The IRS sends out millions of letters to taxpayers across the country every year. The news contained in the letter might be good or bad. If the letter has bad news, don’t worry. You can find help. The best thing to do is respond promptly if needed.
Why would the IRS send me a letter?
When you receive a letter from the IRS, your first thought probably is that you’re being audited, but this isn’t necessarily true. Your letter might be the IRS telling you that:
- You owe the IRS money
- Your tax return required corrections
- Your tax return is delayed
- The IRS has a question about your tax return
- Your refund is different than you previously thought
- The IRS needs to verify your identity
Whatever the letter says, it’s best to open it and read it calmly. Whether the news is good or bad, tax professionals can help make sense of it and take prompt action.
I received a letter from the IRS. Now what?
1. Make sure the letter isn’t a scam
The first crucial step is to make sure you’re not being scammed. Scammers know posing as the IRS frightens people and can cause them to send out sensitive information without considering the consequences. That’s the last thing you want to do.

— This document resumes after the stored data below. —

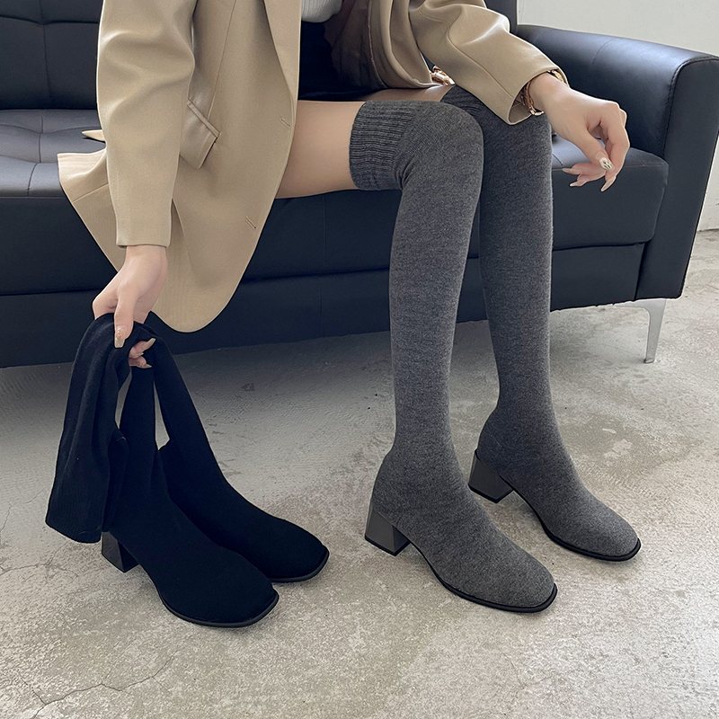 贝贝女过膝长靴女2025秋季新款袜靴粗跟弹力袜靴瘦瘦针织长筒靴
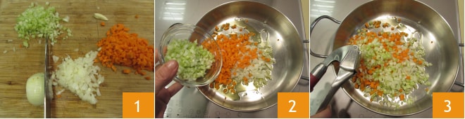 Para realizar la lasaña de col primero empezad a preparar el ragú. Picad finamente con un cuchillo el apio, la zanahoria pelada y despuntada y la cebolla limpia 1. Verted el aceite en una cazuela y añadid el picado para el sofrito 2 y el ajo machacado 3. Sofreíd durante unos diez minutos a fuego lento, removiendo de vez en cuando.
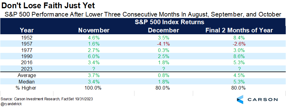 So, will we get an end-of-year rally? We still think the odds favor a rally and last week’s momentum was only the start. Some more good news: November is typically the best month of the year for the S&P 500, averaging a gain of 1.7%, with December historically strong as well. In fact, when August, September, and October are all down, such as they were this year, November has never fallen lower and December has typically been strong.
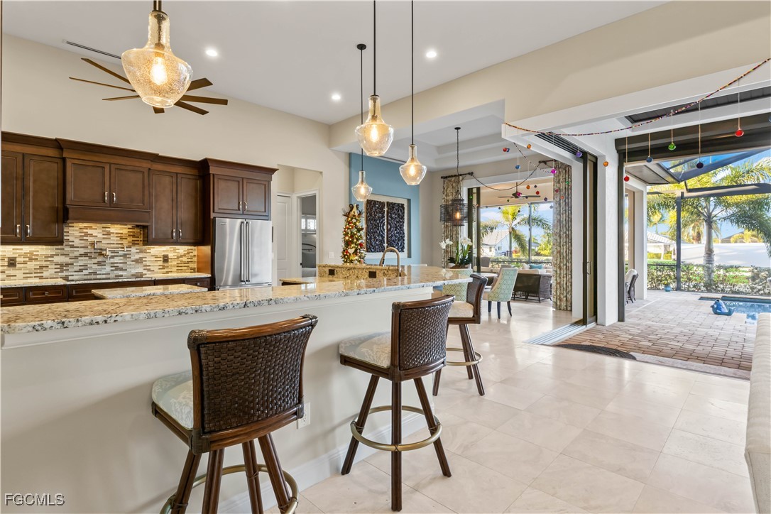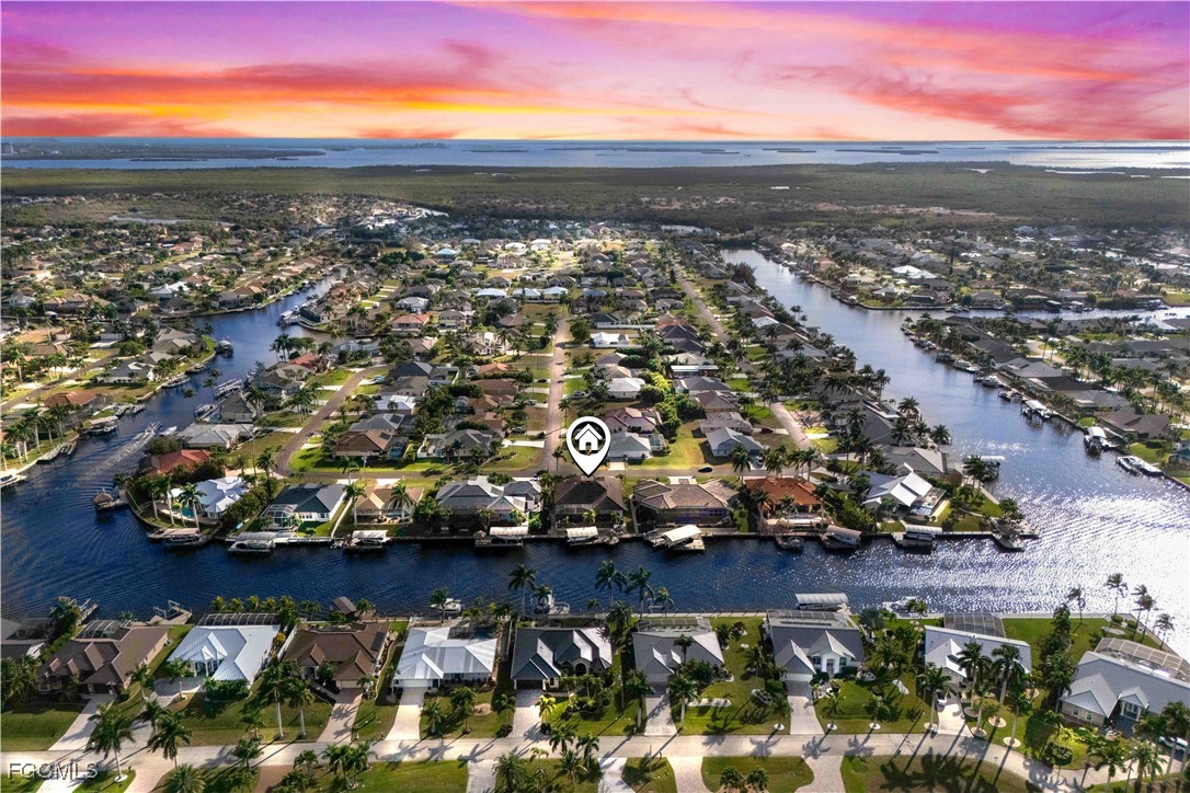 AN UNPARALLELED WATERFRONT ESCAPE AWAITS! Welcome to this stunning custom waterfront estate offering 2,504 square feet of refined coastal living. Featuring three spacious bedrooms, a versatile den, and three beautifully appointed bathrooms, this home surpasses the finest model homes and delivers an exceptional blend of luxury, comfort, and functionality. Perfectly situated on the Eternity Canal with Gulf access, this residence is designed to capture breathtaking water views while seamlessly blending indoor and outdoor living. Wide-panel pocketing sliders in BOTH the living and dining areas open effortlessly to expansive entertaining spaces, creating a true Florida lifestyle experience. Soaring ceilings, abundant natural light, and an open-concept layout highlight designer finishes throughout, including custom glass and metal double doors, upgraded flooring, and countless one-of-a-kind details. The chef-inspired kitchen and living spaces flow beautifully for everyday living or hosting guests, while the private den provides an ideal home office or quiet retreat. A three-car garage offers ample room for vehicles and recreational gear, and impact-resistant windows with roll-down storm shutters provide peace of mind without compromising style. Step outside to your personal waterfront oasis—host unforgettable gatherings in the outdoor kitchen, enjoy the resort-style pool with ambient lighting, and relax beneath the large tiki hut while watching spectacular sunsets. Boaters will appreciate the 10,000 pound boat lift (easily accommodating a 28’ boat), captain’s walk, composite dock, and quick access to open water. A true backyard oasis with sparkling pool and spa and all the space you need for entertaining! Additional highlights include granite surfaces throughout, travertine and premium wood flooring, handcrafted cabinetry, cypress wood-paneled ceilings and soffits, pavered walkways, and thoughtfully designed outdoor living areas that elevate the entire experience. Located in the heart of the Cape Harbour area with easy walking to marina, multiple restaurants, bars and shopping! Not to mention easy access out to the Gulf and the many islands and waters that surround Cape Coral! This is a rare opportunity to own a truly exceptional Gulf-access waterfront home. Schedule your private showing today and experience the beauty, elegance, and lifestyle this remarkable property offers.
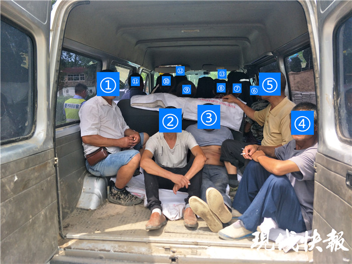 (通訊員 陳宇 張剛 記者 孫旭暉)7月1日下午,宿遷市泗陽縣警方查到一輛小型面包車,民警發(fā)現(xiàn),這輛車?yán)锶麧M了人。“13個(gè)成年人擠在一起,超員116%。”民警介紹,這輛車上的13個(gè)人都是在同一工地干活的工友,面包車核載6人,屬于嚴(yán)重超員。
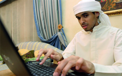 عبدالله يتعامل مع الأجهزة الإلكترونية كافة التي يستخدمها الأصحاء. تصوير: زافيير ويلسون
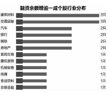 融资余额增逾一成个股分布于12个申万一级行业。交通运输、建筑材料等行业相对扎堆,均包含3只;汽车、银行、钢铁、房地产等各涵盖2只。
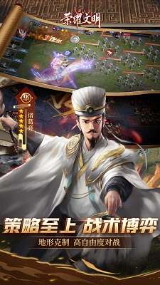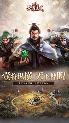 荣耀文明是一款以古文明为题材的国战手游,游戏回归正统SLG玩法,不抽卡、全景即时,给玩家带来充满激情的战斗体验!游戏采用经典剧情还原了真实的古文明历史,在这片玄幻世界里,玩家需要打造自己的势力,收集培养武将,排兵布阵组成强力阵容征战沙场,击溃所有来势汹汹的敌人,争功抢爵,胜者为王!还提供了二十四小时不间断的国战玩法,玩家可以随时开启万人国战,体验真实PVP竞技玩法,享受真正的SLG游戏乐趣!
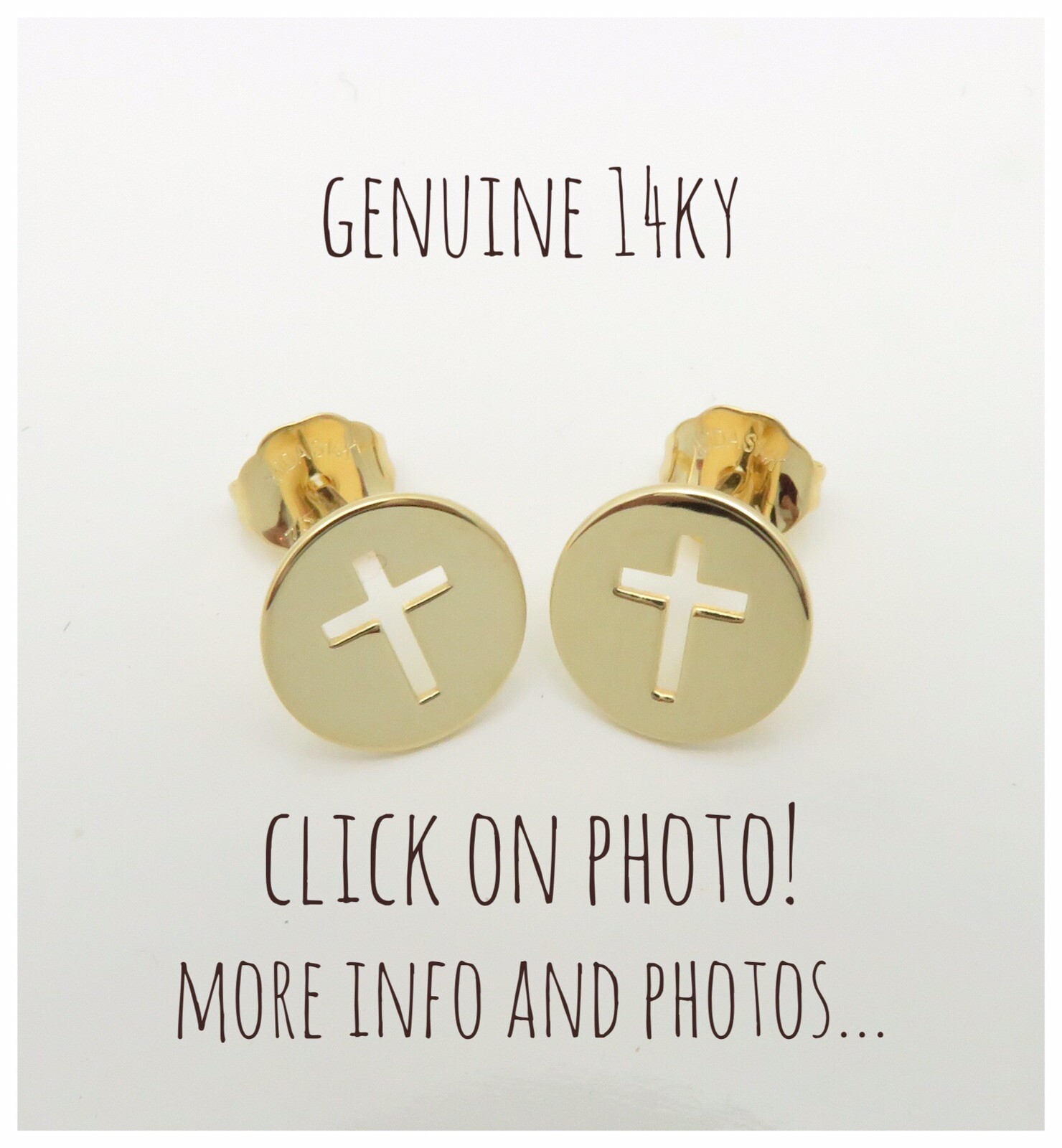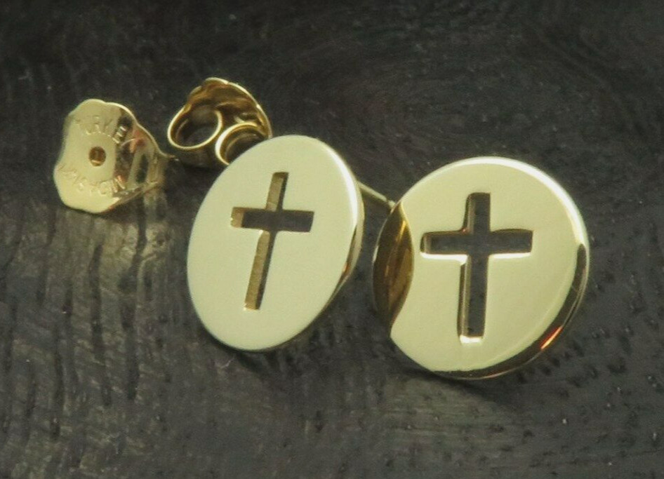 как выглядит 14K SOLID YELLOW GOLD CROSS EARRINGS ROUND FLAT STUDS CROSSES CUTOUT 3/8" Midas фото

The correspondence is a scam if the tone is angry or if it uses scare tactics such as threatening you with arrest or demanding payments without giving you the chance to appeal or ask questions. IRS letters are objective in tone, not hysterical. It’s also a scam letter if it asks you for specific payment information by mail or over the phone. This is a sign of a scammer trying to obtain credit card or debit card information. Also, the IRS never communicates by text, email or social media. Communication by these methods is always a scam.
If you’re unsure whether the letter you received from the IRS is legitimate, call the agency at (800) 829-1040. IRS agents will help you determine the source of the letter.
2. Take action
Once you’ve carefully read the letter, it’s time to take action. You may need to respond to the letter by a specific date. Make sure to avoid any penalties and preserve your right to appeal by meeting his deadline. If the letter doesn’t explicitly ask for a response, then no response is required. Make sure to:
- Follow any instructions in the letter
- If you owe money, pay it. If you are unable to pay, you can apply for an Offer in Compromise or Online Payment Agreement
- Keep a copy of the letter for your records
- If you have any questions, contact the IRS. You can find the agency’s phone number in the top right-hand corner of the letter
3. Avoid future IRS letters
The best way to avoid negative letters from the IRS is to file your tax returns accurately and on time. The most common cause for a letter from the IRS is a mistake on your tax return. Reviewing your tax returns carefully before filing can reduce the risk of this.
Bottom line: Stay calm and respond
Letters from the IRS can be good or bad. The best thing to do is to calmly read the letter, make sure it isn’t a scam and respond accordingly. Always act promptly to resolve any issues with the IRS to avoid unnecessary penalties or payments. If you have any questions, call the IRS or reach out to a tax relief professional.